A logarithm is just another way of writing exponents. Here are properties or formulas of logarithms. Understand the log formulas with derivation, examples, and FAQs.
Log formulas are very useful for solving various mathematical problems and these formula are easily derived using laws of exponents. Now lets learn about the derivation of some log formulas in detail. This page covers all 8 log rules (including the change of base formula and log exponent rules). Each log rule is covered in-depth with simple explanations and examples.

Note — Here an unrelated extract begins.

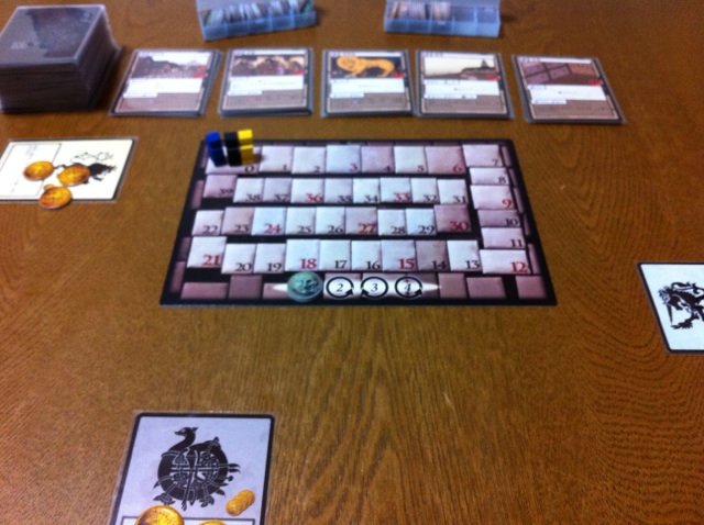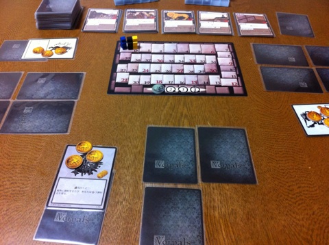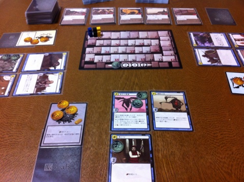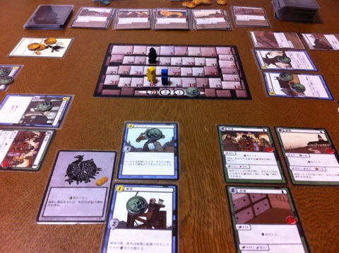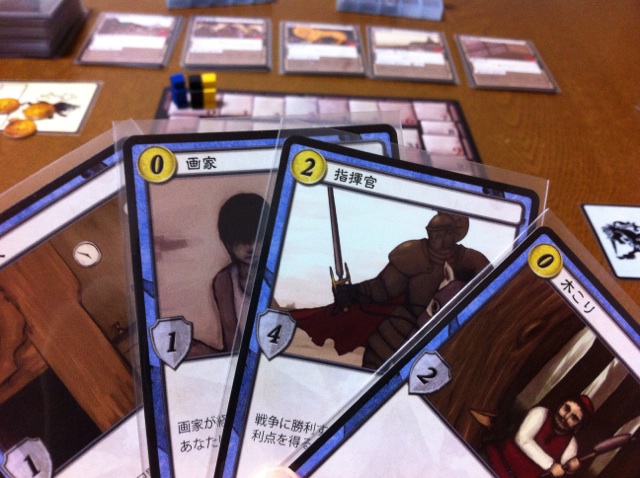 1回目の戦争です!コストをたくさん払ったので、この戦争には勝てるはず!ちなみに、カードの上に乗っかっている緑色のチップは「経年カウンター」です。

ph log formula, The base b logarithm of a number is the exponent that we need to raise the base in order to get the number. The logarithm of the multiplication of x and y is the sum of logarithm of x and logarithm of y. The logarithm of the division of x and y is the difference of logarithm of x and logarithm of y. In mathematics, the logarithm of a number is the exponent by which another fixed value, the base, must be raised to produce that number. For example, the logarithm of 1000 to base 10 is 3, because 1000 is 10 to the 3 rd power: 1000 = 103 = 10 × 10 × 10.
ph log formula, Learn the eight (8) log rules or laws to help you evaluate, expand, condense, and solve logarithmic equations. Try out the log rules practice problems for an even better understanding. In its simplest form, a logarithm answers the question: How many of one number multiply together to make another number? Examples of Using Logarithm Laws The three most important logarithm laws are shown below with an example of each.